Organizations must ensure the physical integrity of data, using measures like uninterruptible power supplies and redundant hardware.  

Tools

Once data is collected, strong database management practices can enforce rules that prevent the creation of duplicate data. Leveraging technology like data lineage tools - which trace data origin and transformations - for audit trials, data catalogs that offer access control security features, rigorous input validation processes and a modern database system to help prevent integrity breaches. 

Database systems come equipped with features that support integrity constraints, offloading the responsibility of checking for accuracy to the database itself. For example, mechanisms such as parent-and-child relationships illustrate how referential integrity processes managed at the database level can automatically safeguard data integrity by helping to ensure that relationships between records are preserved, preventing orphaned records and unauthorized deletions.

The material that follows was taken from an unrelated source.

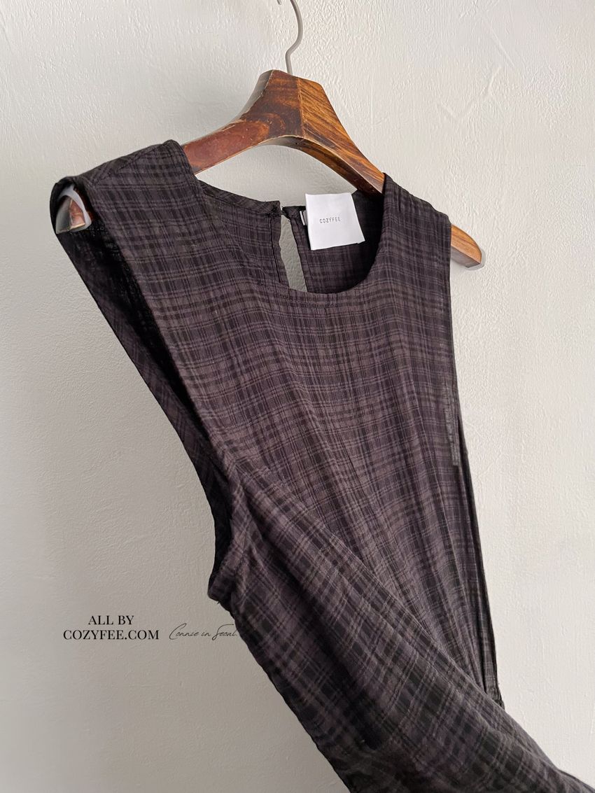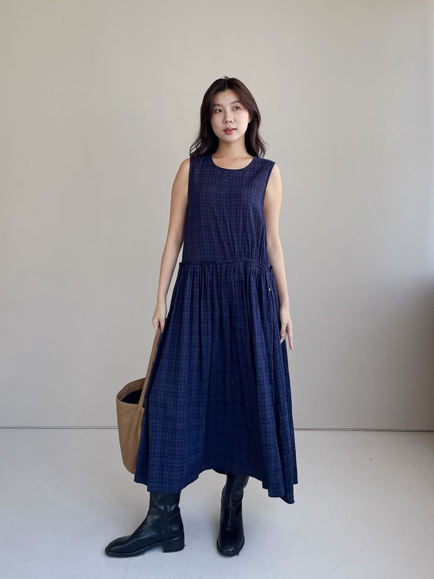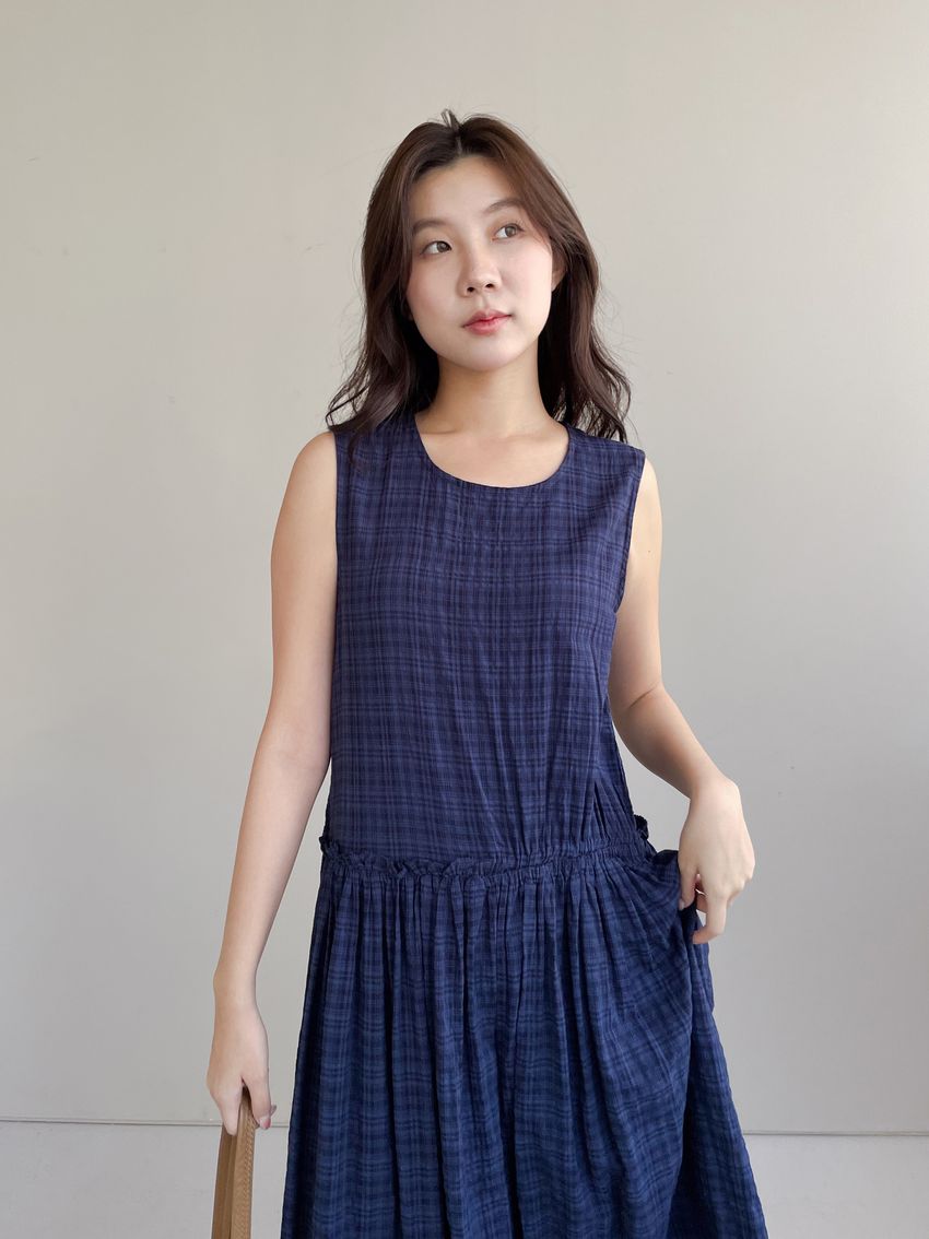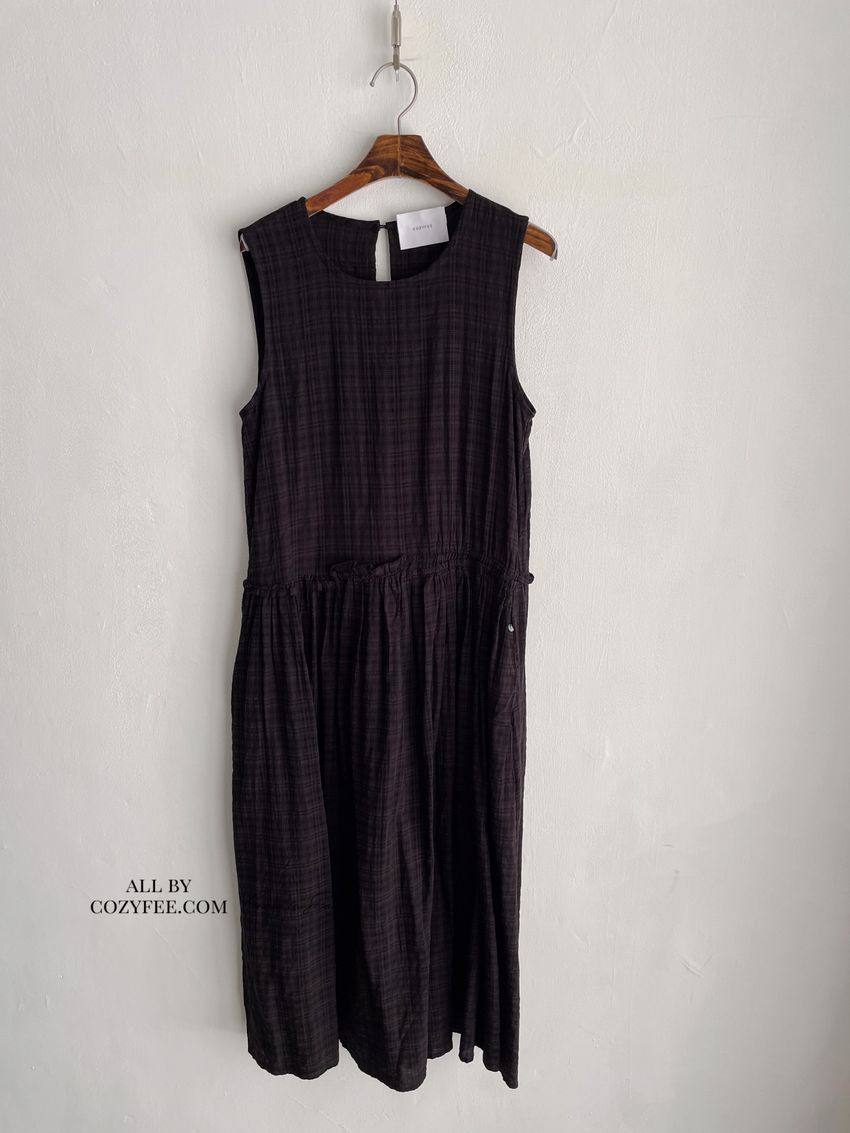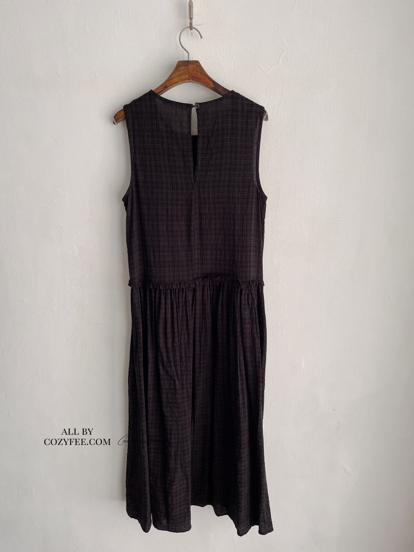 文青小格長版背心洋裝
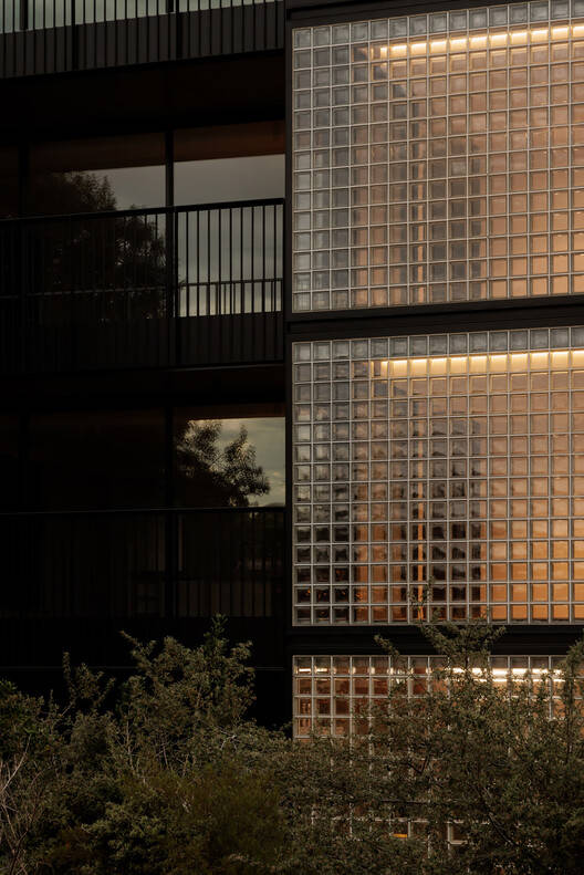 模块化与材料运用的精妙:项目在设计中充分运用了模块化设计,并结合预制构件、玻璃砖面板和可操作的嵌入式玻璃,以实现建筑的简洁性和高效性。南北立面采用半透明设计,配合极简的核心筒,营造出通透的视觉效果,并最大程度地引入自然光线。同时,建筑材料的选择也颇具匠心,如现浇混凝土的使用,既保证了建筑的结构安全,又为底层公共空间提供了坚实的基础。内部材料方面,木质镶板、天然石材和陶瓷瓷砖的运用,营造出温馨舒适的居住氛围,与外部的玻璃砖形成鲜明对比,进一步丰富了建筑的视觉层次和光影效果,从而强调了材料本身的质感。

Data validation tools like IBM Databand and Ataccama are an essential step for achieving accuracy, consistency and completeness. Validation tools help to identify discrepancies or anomalies that might indicate issues. Once integrated into a data management system these tools verify the quality and integrity of the data continually.

This centralized approach helps keep data management systems stable while ensuring reusability and easy data maintenance across different applications.

Education and culture

An enterprise keen to foster a culture that prioritizes data accuracy and security must educate business leaders and employees about the risks of using unsafe or bad data.